Although EPC is the most important metric for you to optimise for, the following metrics may also be useful: • Conversion Rate from click to sale (calculated by dividing number of winning bids by number of clicks) • Conversion Rate from click to ACRU (calculated by dividing number of ACRUs by number of clicks) • Revenue per click (calculated by dividing winning bid revenue by number of clicks)
Although it is sensible to keep an eye on your daily EPC, in order to get the most accurate idea of your EPC, we recommend that you look at the data over a longer period before making any conclusions about changes you need to make. This is because small volume publishers especially will see fluctuations day to day, and if you are a new publisher, it will take time to establish historical data.
The QCP algorithm is designed to reward affiliates who get people interested in shopping on eBay, whether that is within a specific category related to an affiliate’s site or more generally. Therefore, if you have a niche content site, as opposed to a more general shopping site, the category in which the users you send to eBay make purchases is a good indicator of the quality of your clicks. For example, if your site about fishing mainly converts in the fishing category on eBay, your site is likely to be highly targeted. On the other hand, if the same fishing site mainly has sales that convert in the book, DVD and clothing categories, you may want to do some further optimisation. This is important because the time between click and purchase is an important element of the QCP system and the more targeted the traffic, the shorter the time between click and purchase is likely to be.

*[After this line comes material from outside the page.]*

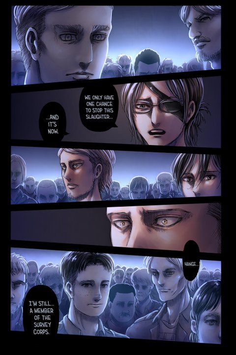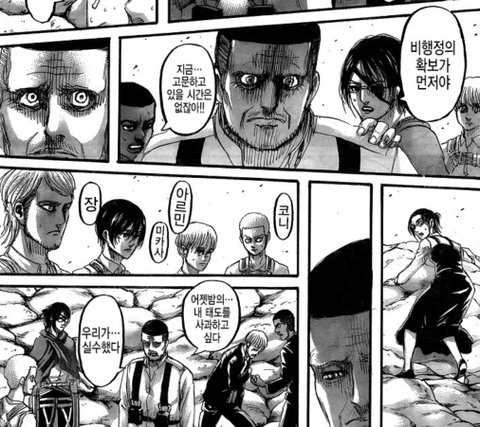 마가트 원수 눈빛이 아끼는 제자 가비를 향하고 악마로 여겼던 파라디 섬 조사병단에게 진심으로 사과하고 도움을 요청하는 컷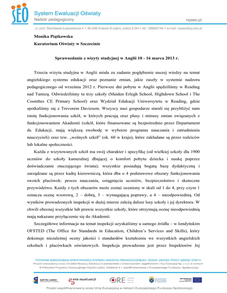 Monika Piątkowska Kuratorium Oświaty w Szczecinie Sprawozdanie z wizyty studyjnej w Anglii 10 - 16 marca 2013 r. Trzecia wizyta studyjna w Anglii miała za zadanie pogłębienie naszej wiedzy na temat angielskiego systemu edukacji oraz poznanie zmian, jakie zaszły w systemie nadzoru pedagogicznego od września 2012 r. Pierwsze dni pobytu w Anglii spędziliśmy w Reading nad Tamizą. Odwiedziliśmy tu trzy szkoły (Maiden Erlegh School, Highdown School i The Coombes CE Primary School) oraz Wydział Edukacji Uniwersytetu w Reading, gdzie spotkaliśmy się z Trevorem Daviesem. Wszyscy nasi gospodarze starali się przybliżyć nam istotę funkcjonowania szkół, w których pracują oraz plusy i minusy zmian związanych z funkcjonowaniem Akademii (szkół, które finansowane są bezpośrednio przez Departament ds. Edukacji, mają większą swobodę w wyborze programu nauczania i zatrudnieniu nauczycieli) oraz tzw. „wolnych szkół” (ok. 60 w kraju), które zakładane są przez rodziców lub lokalne społeczności. Każda z wizytowanych szkół ma swój charakter i specyfikę (od wielkiej szkoły dla 1900 uczniów do szkoły kameralnej dbającej o komfort pobytu dziecka i naukę poprzez doświadczanie otaczającego świata); wszystkie posiadają bogatą bazę dydaktyczną i zarządzane są przez kadrę kierowniczą, która dba o 4 podstawowe obszary funkcjonowania swoich placówek: proces nauczania, osiągnięcia uczniów, bezpieczeństwo i skuteczne przywództwo. Każdy z tych obszarów może zostać oceniony w skali od 1 do 4, przy czym 1 oznacza ocenę wzorową, 2 – dobrą, 3 – wymagającą poprawy, a 4 – nieodpowiednią. Od wyników prowadzonych inspekcji w dużej mierze zależą dalsze losy szkoły i jej dyrektora. W chwili obecnej wszystkie lub prawie wszystkie szkoły, które otrzymują ocenę nieodpowiednią mają nakazane przyłączenie się do Akademii. Szczegółowe informacje na temat inspekcji uzyskaliśmy u samego źródła – w londyńskim OFSTED (The Office for Standards in Education, Children’s Services and Skills), który dokonuje niezależnej oceny jakości i standardów kształcenia we wszystkich angielskich szkołach i placówkach oświatowych. Inspekcja prowadzona jest przez Inspektorów Jej Królewskiej Mości (120 osób nominowanych przez Królową do pracy w OFSTED) oraz „asystentów” inspektorów - 3 tys. przeszkolonych nauczycieli (czynnych lub emerytowanych), dyrektorów i doradców ds. edukacji - wyłanianych w toku konkursu, do którego stają 3 firmy zewnętrzne. Do września 2012 r. każda szkoła w Anglii, niezależnie od osiąganych wyników, podlegała inspekcji raz na 3 lata. Obecnie szkoły, które zostały uznane za wzorowe podczas ostatniej inspekcji (za wyjątkiem np. szkół specjalnych i przedszkoli) są zwalniane z kontroli rutynowej, natomiast podlegają dalszej ocenie wyników kształcenia, w celu ustalenia, czy kolejna inspekcja jest konieczna. Szkoły ocenione jako „dobre” są zazwyczaj kontrolowane po pięciu latach szkolnych; a szkoły ocenione jako „wymagające poprawy” w ciągu dwóch lat. Jeśli w kolejnej inspekcji szkoła jest nadal oceniana jako „wymagająca poprawy”, podlega monitorowaniu i dalszej kontroli, a w ostateczności może być oceniona jako „nieodpowiednia” i zaliczona do jednej z dwóch kategorii: „szkoła wymagająca specjalnych środków”, co oznacza, że nie zapewnia ona swoim uczniom odpowiedniego poziomu kształcenia i nie wykazuje zdolności do poprawy lub „szkoła z poważnymi uchybieniami” - jeden lub więcej z kluczowych obszarów działania szkoły wymaga znaczącej poprawy, ale przywódcy i menedżerowie wykazują zdolność do poprawy. Szkoły te podlegają regularnym wizytom inspektorów, dopóki nie zostaną usunięte z tej kategorii. Związane jest to również ze zmianą osoby na stanowisku dyrektora szkoły, a w skrajnych przypadkach z zamknięciem placówki. Inspekcja prowadzona w angielskich szkołach różni się w pewnych obszarach od ewaluacji zewnętrznej prowadzonej w Polsce, np.: - dyrektorzy szkół w Anglii oraz rodzice badanej szkoły otrzymują zawiadomienie o inspekcji na dzień przed jej rozpoczęciem (w Polsce z miesięcznym wyprzedzeniem), przy czym OFSTED może zbadać każdą szkołę bez zawiadomienia, jeżeli uznano, że jest to właściwe; - ewaluacja trwa zazwyczaj dwa dni, a liczba inspektorów zespołu dostosowana jest do wielkości i rodzaju szkoły (w odwiedzanych szkołach inspekcji dokonywały zespoły 5-6 osobowe); - angielscy inspektorzy większość czasu spędzają na obserwowanych lekcjach (harmonogram obserwacji znany jest tylko grupie inspektorów, a poszczególne obserwacje trwają od 20 do 30 minut) oraz na rozmowach z kadrą zarządzającą, uczniami i nauczycielami; - z zebranych danych formułowany jest raport ustny, który przedstawiany tylko kadrze zarządzającej; - raport pisemny (ok. 6 stron) publikowany jest na stronie OFSED do wglądu dla szkoły, rodziców i szerszej społeczności; zawiera on informacje na temat skuteczności pracy szkoły, ocenę poszczególnych obszarów i ogólną ocenę placówki oraz zalecenia. Podczas pobytu w Londynie odwiedziliśmy również Lark Hall Primary School, szkołę, która bardzo dużą uwagę zwraca na właściwe zarządzanie rozwojem zawodowym nauczycieli. Z informacji uzyskanych od wszystkich osób, które dzieliły się z nami swoim doświadczeniem wynika, że szkoły angielskie kładą szczególny nacisk na współdziałanie nauczycieli oraz odpowiedzialność zawodową kadry pedagogicznej - jeżeli praca choć jednego nauczyciela zostanie oceniona jako nieodpowiednia, to cała szkoła nie może otrzymać oceny wzorowej. Warto taką odpowiedzialność zaszczepić też w naszych szkołach.

To see the categories from which your users buy, you can use the Category report, which you can find in the interface. You can also view the data at campaign level, which can be useful for publishers with many niche sites or who have one site with many categories, as long as they are broken down into different campaigns. You can view the data split by a number of different metrics, but as the main component of the algorithm is still winning bid revenue, this is perhaps the most useful way of viewing the graphs.
For more information on the category report go to the user manual, select “Reports”, then “Summary Reporting”, then “By Category Summary.”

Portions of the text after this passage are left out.